Can someone tell me the explicit commands to perform such a task? Thanks a
lot.
--
View this message in context: http://lucene.472066.n3.nabble.com/k-means-clustering-for-high-dimensional-numerical-data-tp1446492p1446492.html
Sent from the Mahout User List mailing list archive at Nabble.com.
Re: k-means clustering for high-dimensional numerical data
Posted by Jeff Eastman <jd...@windwardsolutions.com>.
In general, the transformation is as you suggest. You need to produce
a set of input sequence files which contain VectorWritable vectors from
your data. It should be a single step process.

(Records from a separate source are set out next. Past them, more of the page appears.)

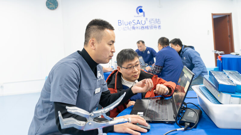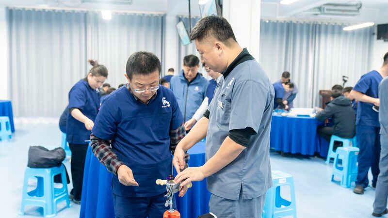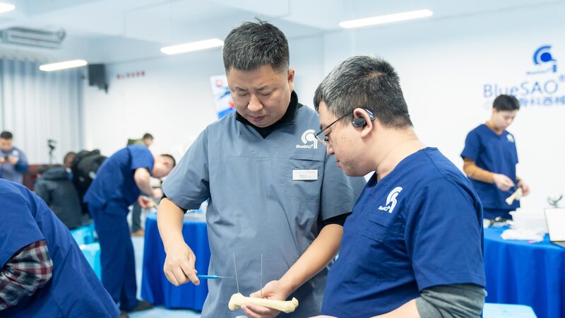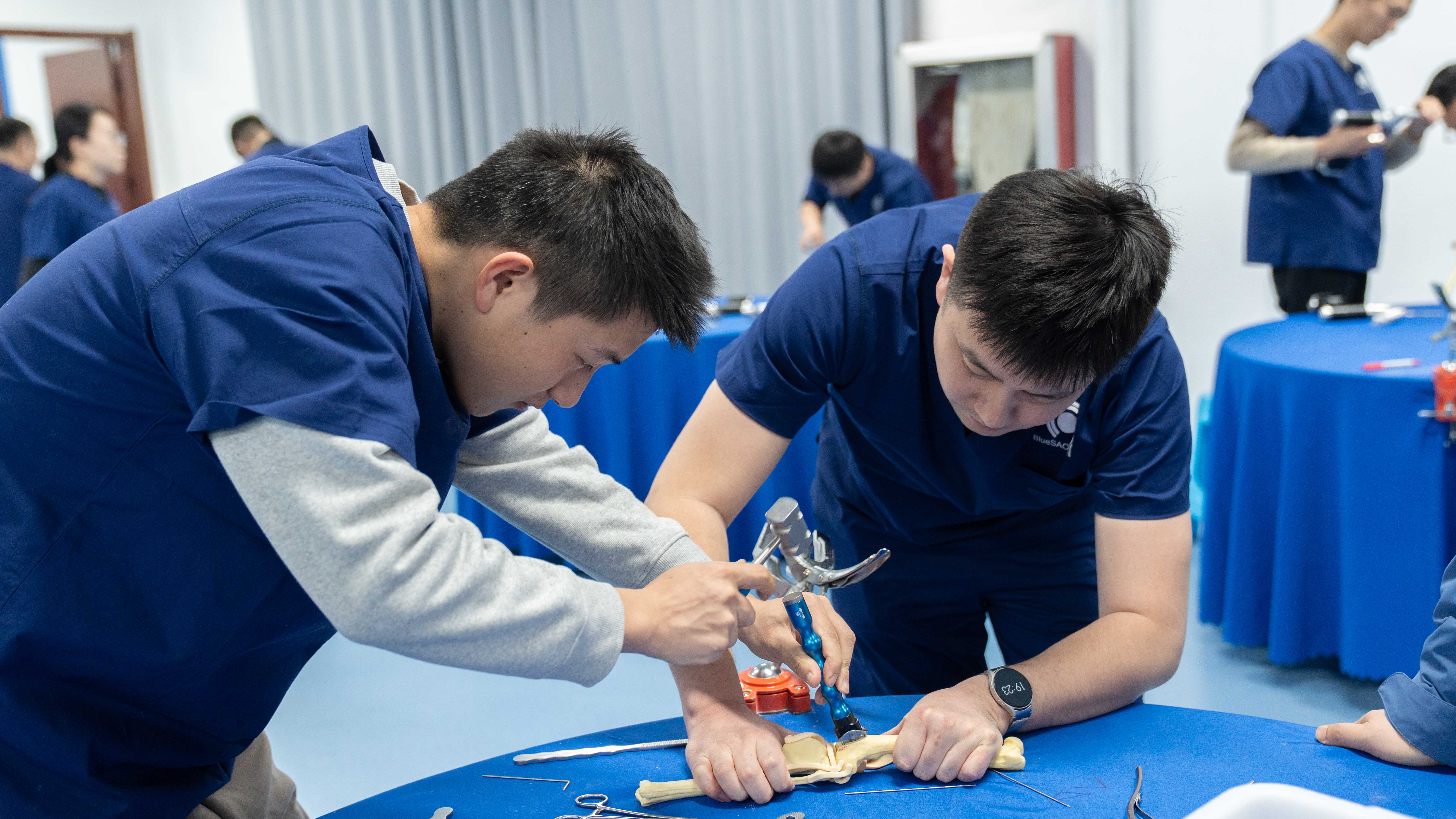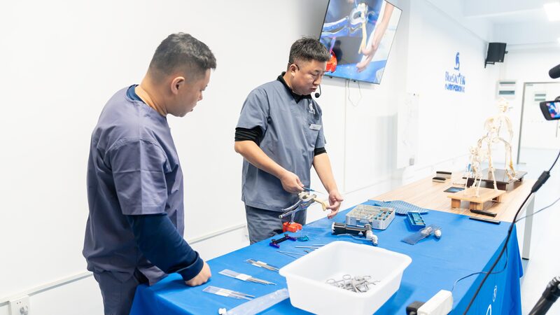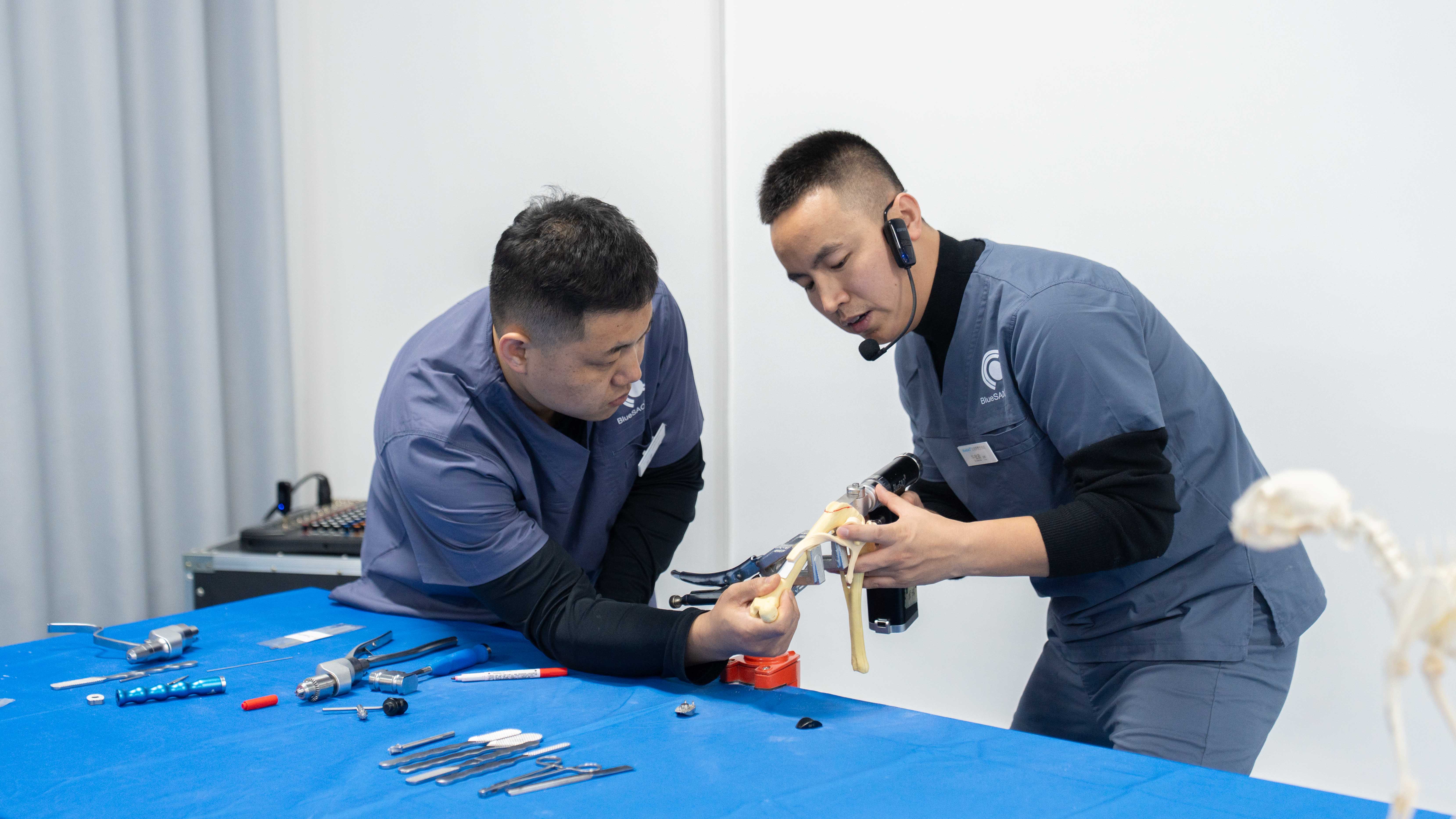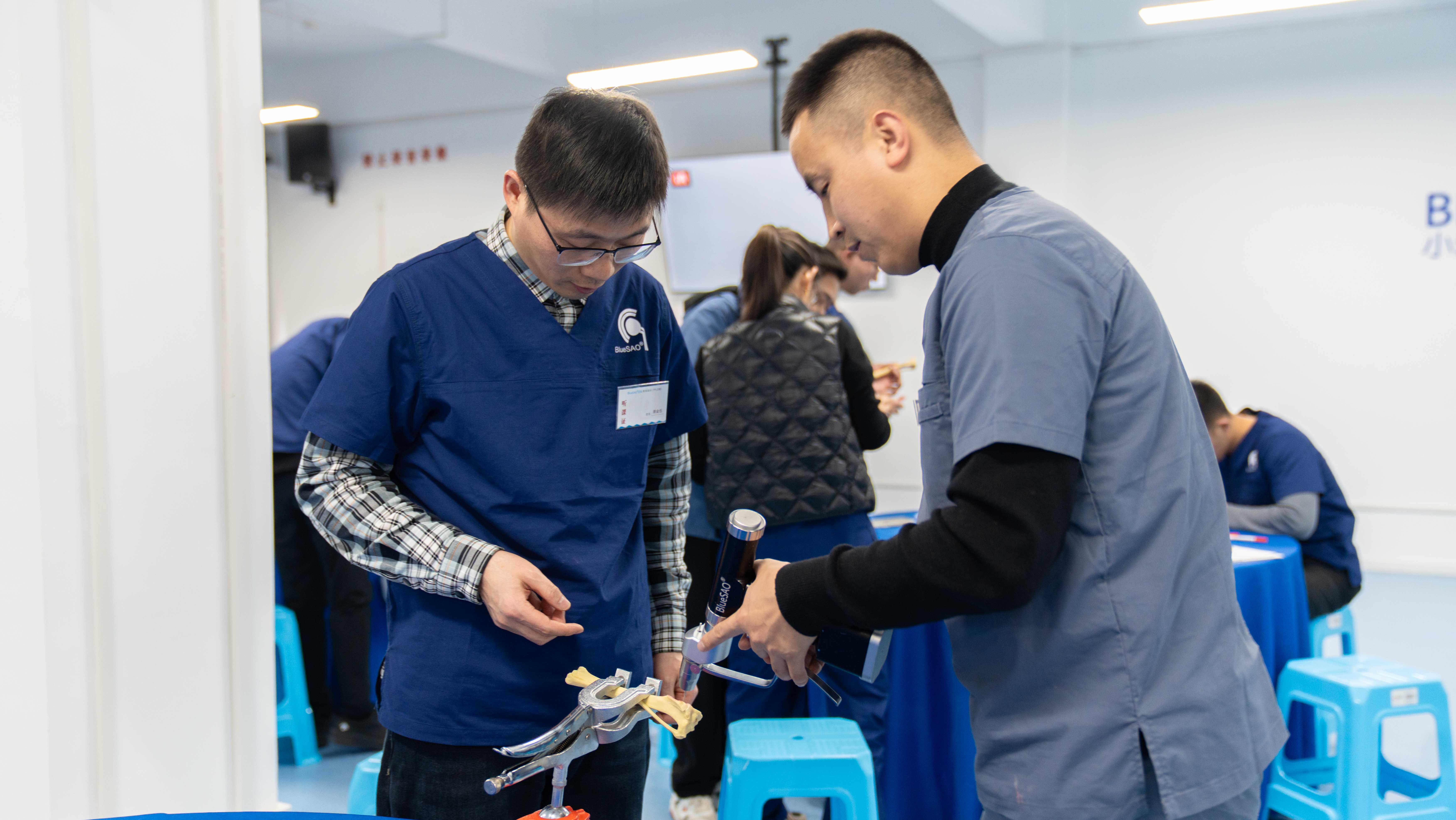 针对小动物膝关节严重病变,滑车沟置换术(PGR)是一项卓有成效的临床解决方案。在牛金波老师的带领下,本次培训迎来备受瞩目的核心实操环节——BlueSAO佰陆全球首发、自主研发的压配式生物型滑车沟置换系统(PGR)实操练习。依托佰陆创新设计的专业化手术器械,再搭配三位资深兽医骨科专家的全程一对一精准教学,每位参会医生不仅迅速吃透手术操作的核心要领,更在标准化的流程指引下,顺利完成从理论认知到实操技能的高效跨越。这场沉浸式实操,为医生们今后开展相关精准诊疗工作,积累了扎实且宝贵的实战经验。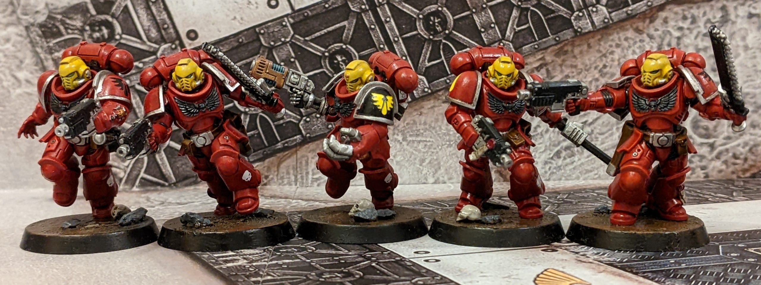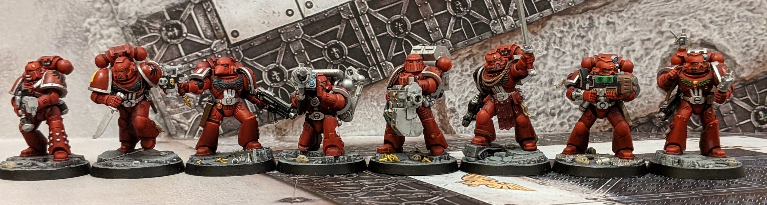 I actually really enjoyed these, and it made me enthusiastic about painting standard marines again. They're just a bit bigger than the old tactical marines to look a lot better. There are some minor conversions (sergeants chainsword becomes a power sword, a couple of headswaps to have a marine in Mk3 plate and helmet and a marine in Mk6 armour) and I think they add to the character of the squad.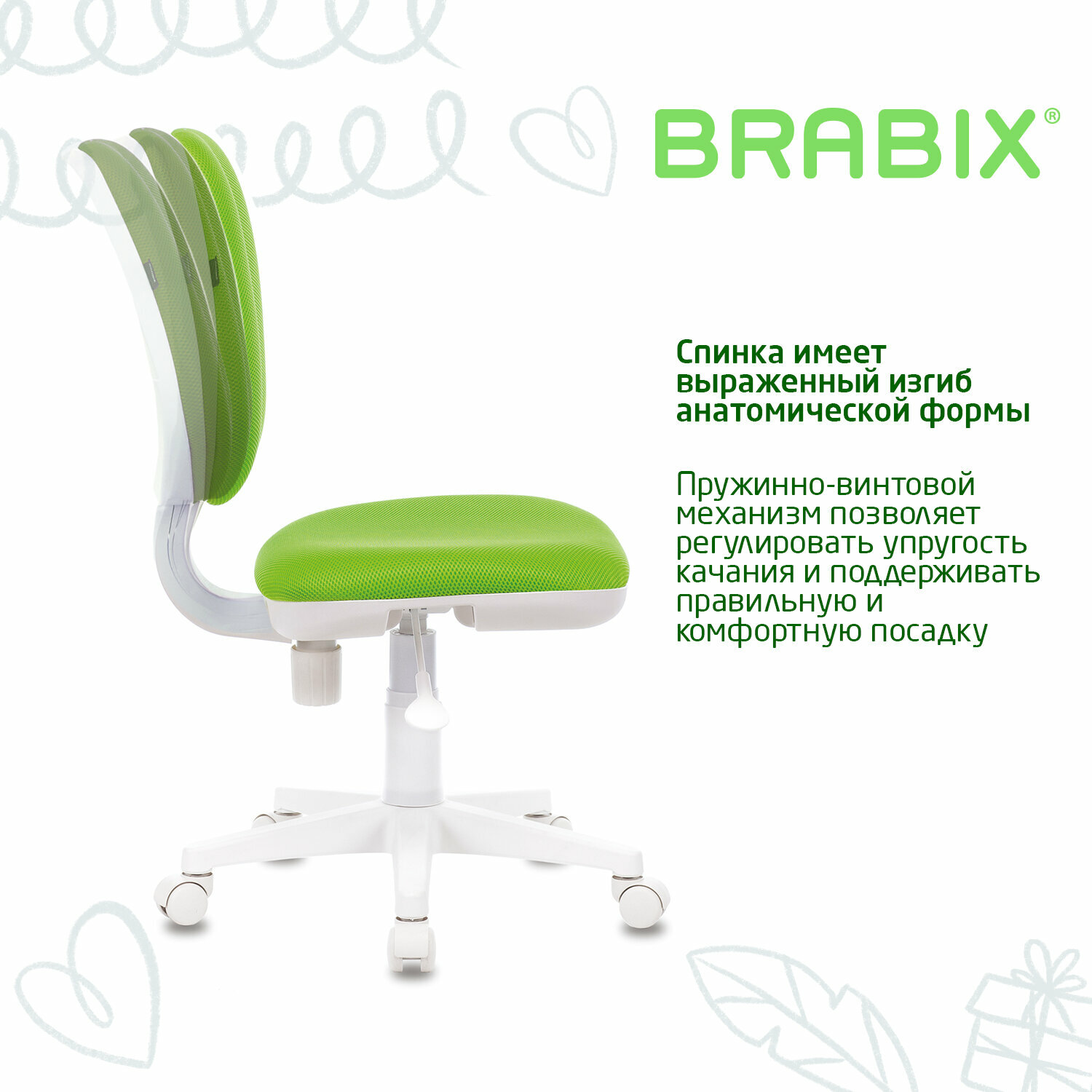 Кресло детское BRABIX "Fancy MG-201W", без подлокотников, пластик белый, салатовое, 532414, MG-201W_532414
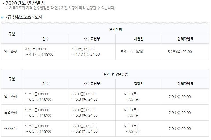 2020 생활스포츠지도사 2급 시험일정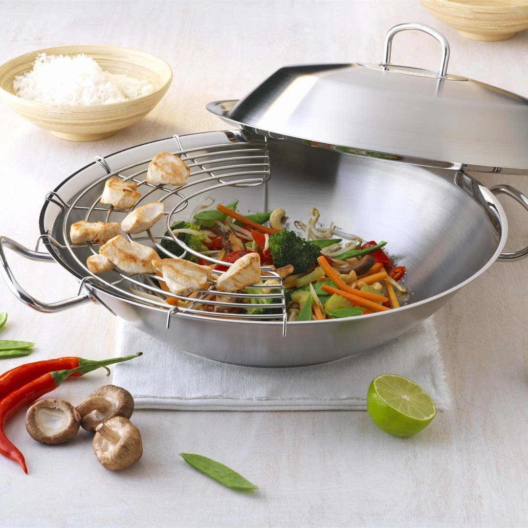 Fissler 菲仕乐这款 Original-Profi 雅格系列不锈钢平底炒锅采用优质不锈钢材质,质地轻盈,德国制造。配有金属盖,直径35厘米,非常适合少油温和煎烤。不锈钢金属手柄可牢固抓握,在烹饪、烘烤和煎炸时保持舒适握感温度。烹饪之星用铝质锅底,导热效果好,受热均匀,适合于电磁炉,燃气灶等所有热源,烤箱适用。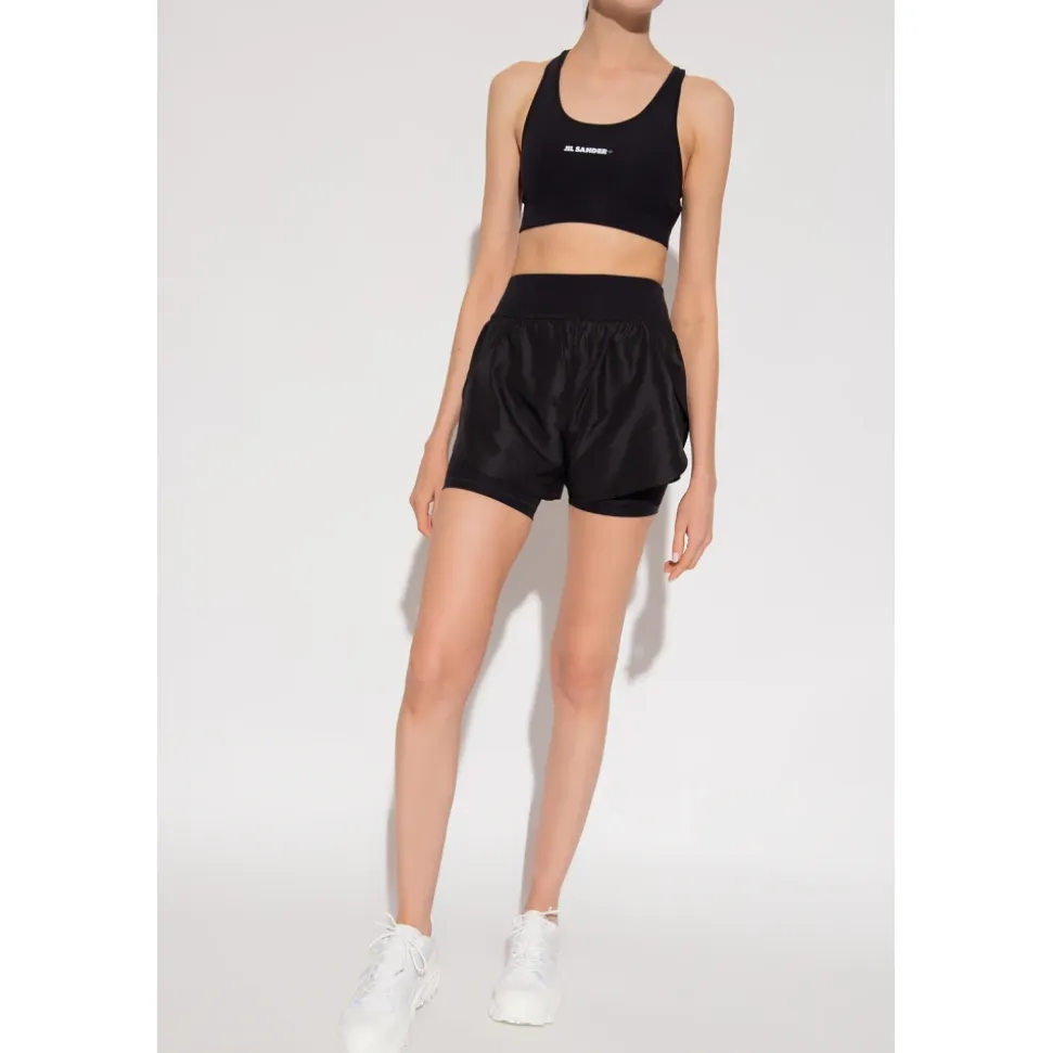 Oplev den ultimative komfort og stil med Jil Sanders sorte, tolags træningsshorts. Perfekte til fitnessentusiaster, disse shorts har en elastisk linning og et elegant hvidt logoprint. Produkt detaljer: Sort | Elastisk linning | Tolags design | Hvidt logoprint | Dimensioner og pasform: Modellen er iført størrelse XS |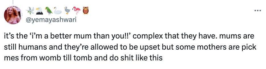 This user roughly coined the term “pick me ass mom” which I’m going to have to use at some point: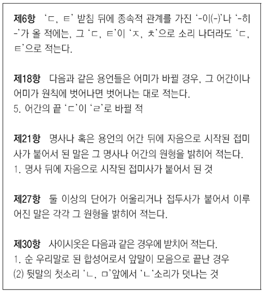 1. 다음은 한글 맞춤법 통일안 중 일부이다. 각 항에 해당하는 예시(밑줄 친 부분)를 적절하게 제시하지 못한 사람은 누구인지 말해 보시오.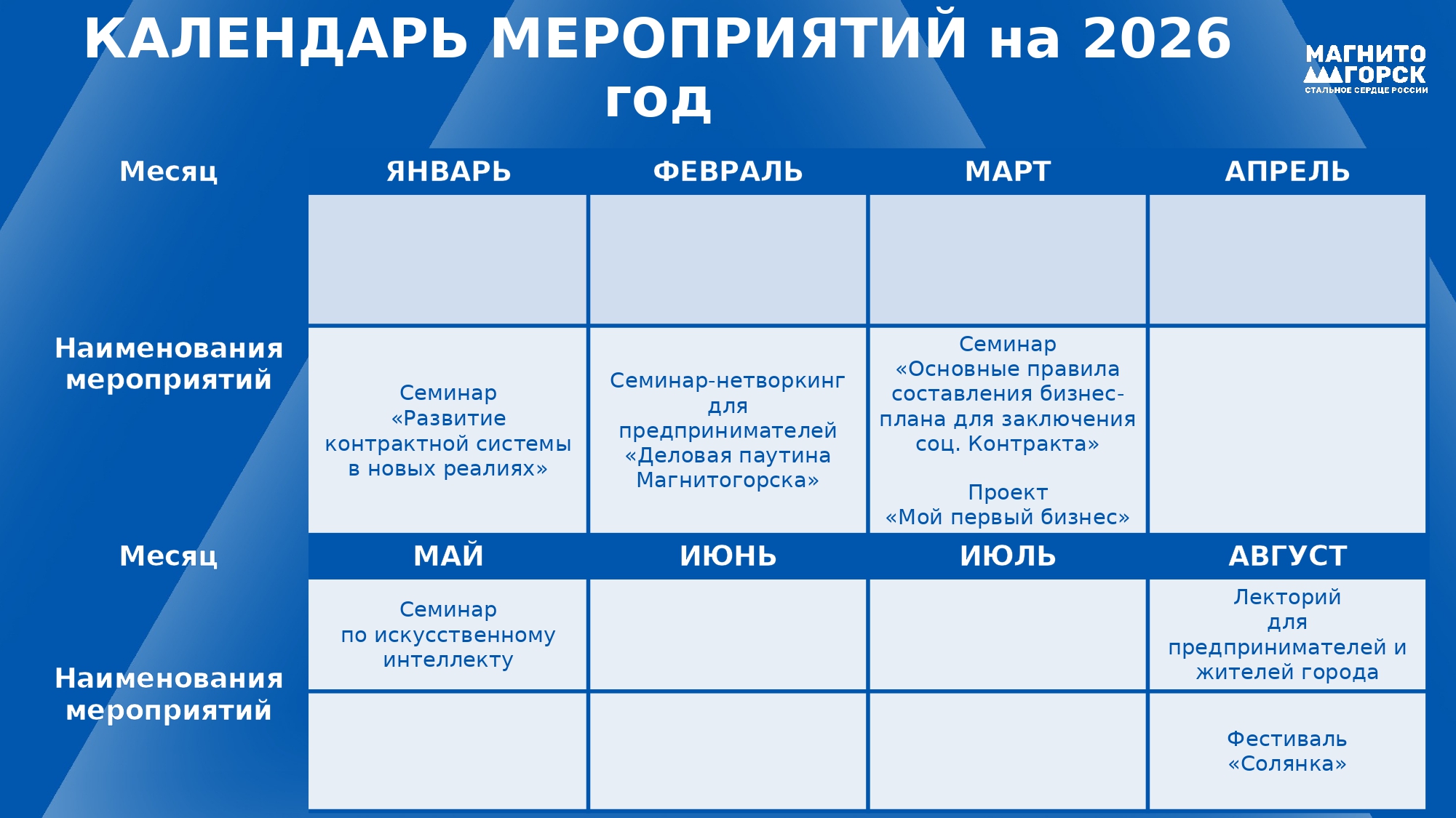 ВНИМАНИЕ! Даты мероприятий могут измениться! За обновлениями также можно следить в сообществе "Поддержка бизнеса в Магнитогорске"

We don't have as much tutorial material as we could, but the problem of
transforming your data into Mahout vectors (VectorWritable sequence
files) is often quite application-specific. We do have an example in the
synthetic control package which you may be able to use or adapt. Look at
the InputDriver and InputMapper classes in
o.a.m.clustering.syntheticcontrol in examples/. These take
space-separated numeric data such as yours and produce the correct
VectorWritable files. Look also at o.a.m.utils.vectors.arff.Driver in
utils/ if ARFF format is useful.
Jeff
On 9/9/10 8:11 AM, Dongxiang wrote:
> Hi, I am trying to use mahout for high dimensional data clustering.
>
> The data format is very simple. Each data is 128 dimensional with double
> values.
>
> I am now puzzled by the input format. Based on my investigation, I think I
> need to first transfer the data into sequencefile format and then further
> transfered to mahout vector format. Am I going in the correct way?
>
> I think such application is very common but I am unable to find any
> step-by-step tutorial or guide.
>
> Can someone tell me the explicit commands to perform such a task? Thanks a
> lot.
>
>